If you thought that player contracts had reached their peak in recent years and had finished leveling out, you'd be wrong. On Thursday afternoon, it was reported that the projected NFL salary cap would rise to $133 million for next season. Not only will this likely limit player movement as it affords franchises more cap flexibilty than expected, but it also is expected to rise exponentially betweeen 2014 and 2016.
Based on the market, Joe Flacco bout to be underpaid in a year or so. pic.twitter.com/Doohm749bw— DJ RedHerring Dunson (@CerebralSportex) February 28, 2014
This will also benefit teams such as the Dallas Cowboys and Carolina Panthers who are millions of dollars over the cap, but it also raises the four-year cap floor franchises must reach. A neat provision in the CBA which sought to prevent teams from colluding to keep player salaries lower while the salary cap rose to match the annual growth of the league's defined gross revenue divided by 32 teams, requires teams to spend at least 88.8 percent of the salary cap during a four-year period between 2013 and 2016 (and again between 2017 to 2020). If they haven't spent that average during the four-year period, they'll be penalized for violating the cap.

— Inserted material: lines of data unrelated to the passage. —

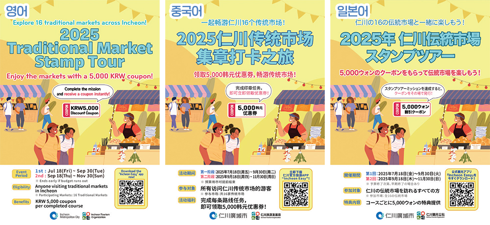 ‘인천e지’는 한·영·중·일 4개 국어를 지원해 외국인 관광객도 손쉽게 스탬프 투어에 참여할 수 있습니다. 약 50명의 외국인이 참여해 인천 K-마켓의 매력을 직접 체험했습니다.
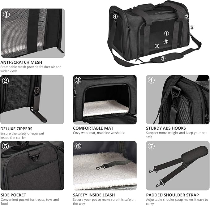 - AIRLINE APPROVED CARRIER - With airline-approved design, you can take your pet to go to everywhere. This pet carrier provides two connecting loop handles for balanced carrying as a dual seat belt or luggage strap to secure transport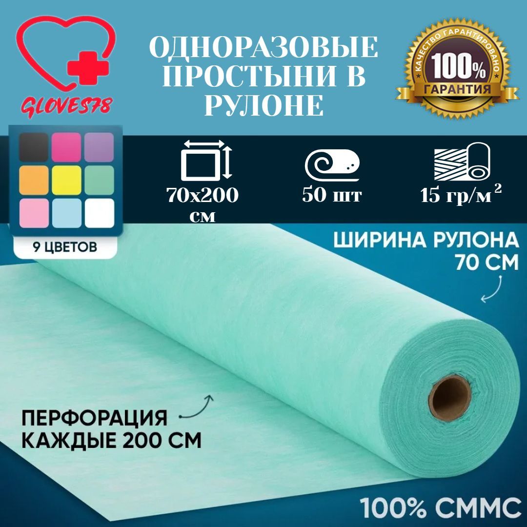 Простыня одноразовая gloves78 Прoстынь в рулоне 70х200 плотность 15, 70 х 200 см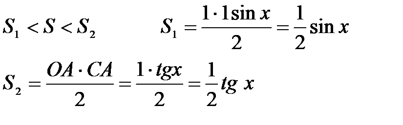 4.Первый замечательный предел (вывод). Теорема. Обозначим площади треугольника ОАВ через– S1, треугольника ОАС – S2, площадь сектора ОАВ – через S.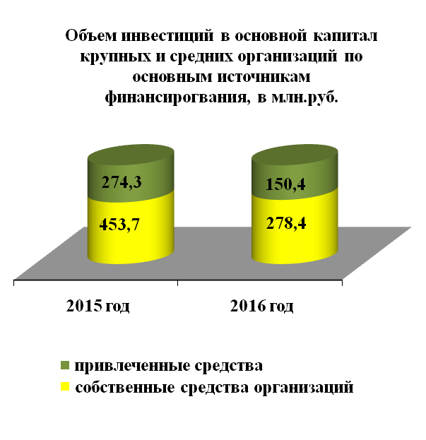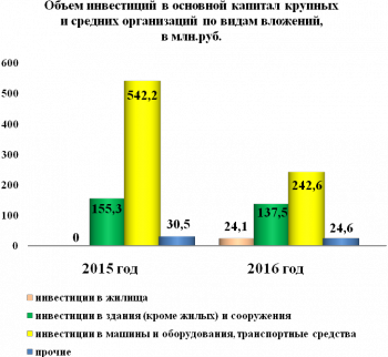 Инвестиции в основной капитал по крупным и средним организациям за 12 месяцев 2016 года составили 428,8 млн. руб. или на 223,3 млн. руб. меньше, чем за прошлый год.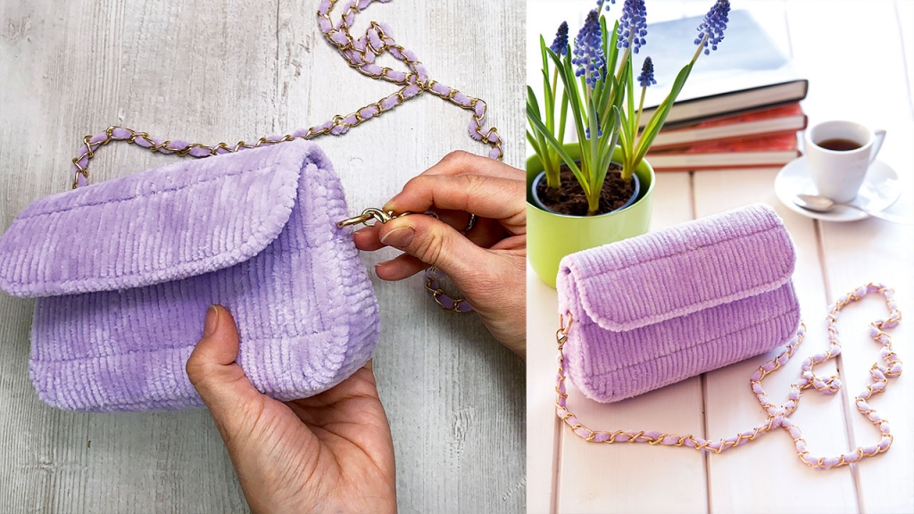 Lila-arany táska puha plüssfonalból: készítsd el velünk ezt a trendi kis darabot!
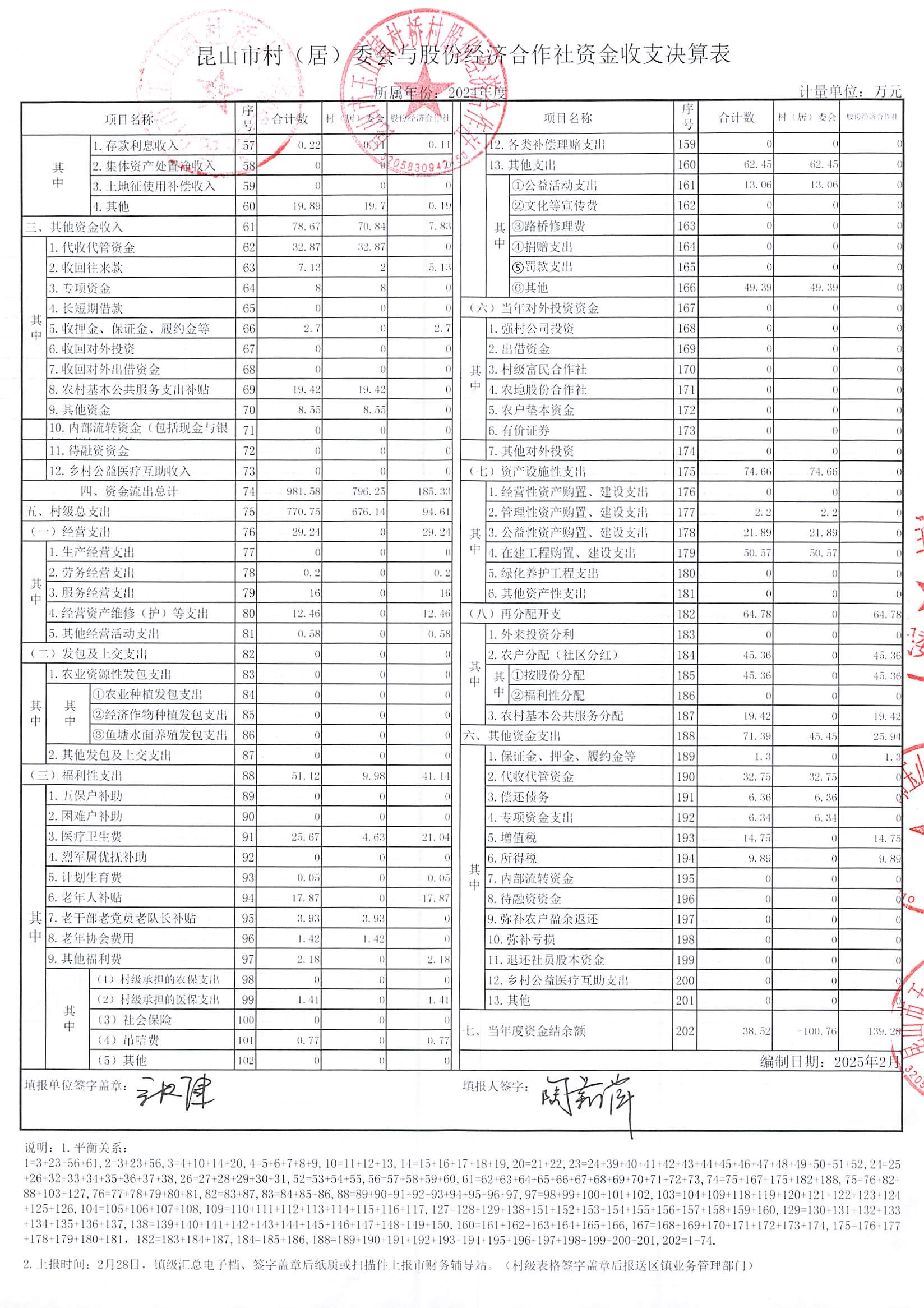 杜桥村委会与股份经济合作社2024年度资金收支决算表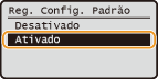 Depois que a configuração de papel padrão é registrada, a tela de configuração de papel não é exibida quando o papel é carregado, e a mesma configuração é usada. Se você carregar um tamanho ou tipo de papel diferente, a máquina pode não imprimir adequadamente. Para evitar este problema, desabilite a configuração padrão selecionando <Desativado> na etapa 3 e depois carregue o papel.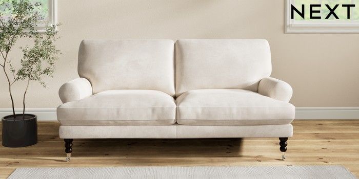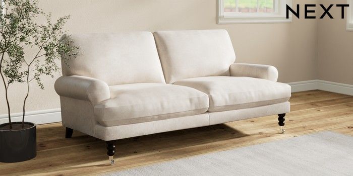 7.2.10 Erin Deep Relaxed Sit 3 Seater Small Sofa Plush Chenille Oyster High Classic Turned Chrome Castor - Dark | Made Click here to use our website with more accessibility support, for example screen readers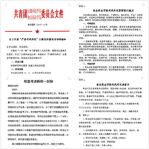 严格制度,抓考风。学院制定了《食品药品学院考风考纪管理暂行规定》、《关于开展严肃考风考纪活动的通知》、《食品药品学院考风考纪承诺书》,明确宣传教育形式和内容、个人行为规范、考场纪律和处罚条例。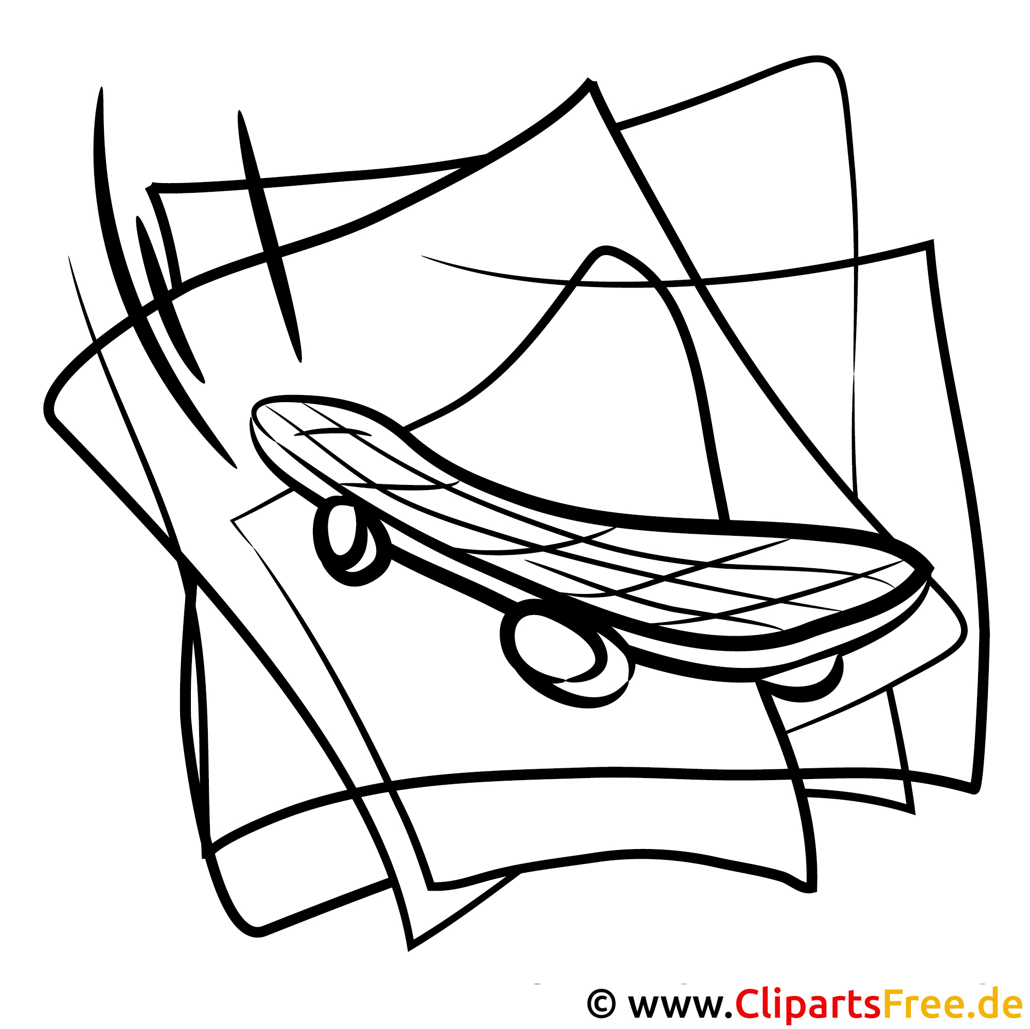 Kostenloses Ausmalbild Skateboard als PDF – Malvorlage gratis
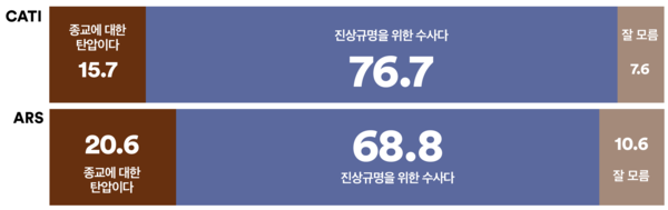 종교단체 압색은 ‘진상규명을 위한 수사’ 76.7%,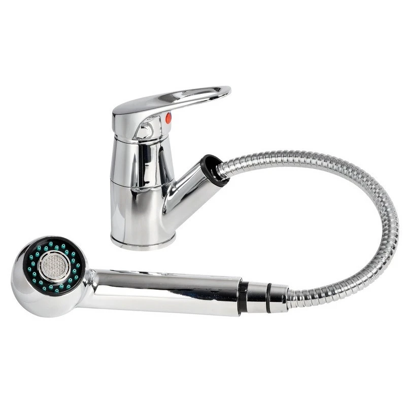 Robinet mitigeur avec disque céramique et bec pivotant 360° + douchette, idéale pour les petits espaces comme la cuisine ou la salle de bain du bateau & camping car.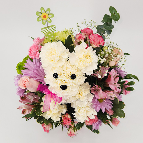 Tell Mom you lover her “beary” much by sending her the Mother’s Day Teddy Graham floral arrangement. This lovely arrangement is a mixture of carnations, roses, mums, hydrangea, tiger lilies, and mini carnations all placed in a floral printed pot. The arrangement stands 18″ high and is 14″ wide.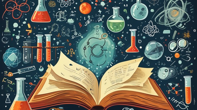 画面展示一本打开的科学书籍,周围环绕着各种科学符号和实验器材,象征着知识的传播。
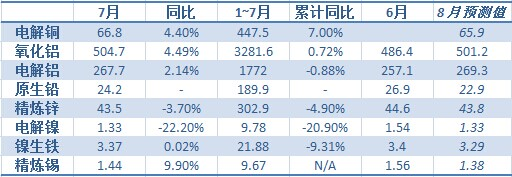 7月精煉錫產(chǎn)量同比增長9.9%,環(huán)比減少7.8%,減少原因是7月中旬中央環(huán)保督查組進入錫主產(chǎn)區(qū),導(dǎo)致所涉地區(qū)冶煉廠集中停產(chǎn),主要為云南、廣西和江西地區(qū);另有個別安徽地區(qū)企業(yè)受到暴雨侵襲被迫停產(chǎn)數(shù)日,產(chǎn)量有所減少。8月精煉錫產(chǎn)量預(yù)計為1.38萬噸,環(huán)比減少4.2%,主要考慮到8月上半月上述地區(qū)企業(yè)仍多數(shù)處于停產(chǎn)狀態(tài)。本次集中停產(chǎn)中,部分企業(yè)暫停污染較重的冶煉環(huán)節(jié),而7月份停產(chǎn)伊始仍可以精煉前期產(chǎn)出的中間產(chǎn)物,因此7月份受影響不大;8月份由于粗煉等環(huán)節(jié)停產(chǎn)導(dǎo)致中間原料減少,影響成品的最終產(chǎn)出,預(yù)計8月份整體產(chǎn)量還將較7月份進一步小幅下降。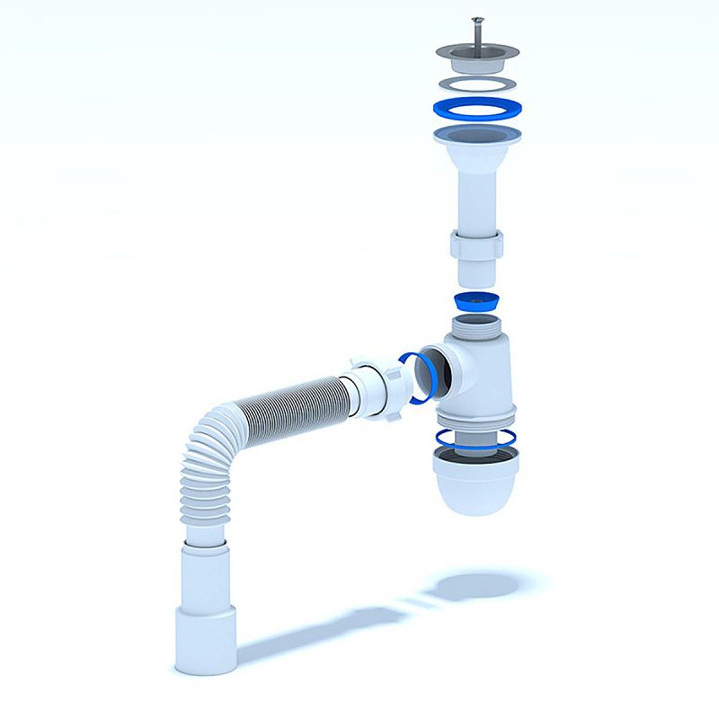 Комплектация: сифон с выпуском, гибкая труба для подключения к канализации 40*40/50мм, упаковка

Presumably, the average NFL salary should rise to match growing revenues. It'll be interesting to see whether general managers begin backing more Brinks trucks into quarterback driveways or if they commence spreading the wealth to skill position players on the defensive end that have been left out of the rising contract market since the latest collective bargaining agreement was negotiated. Under Article 13, Section 6(b)(v) of the CBA, teams are allowed to carryover unused salary cap room which can be nothing but a positive for the Oakland Raiders who have approximately $68 million in cap space available to overspend in free agency.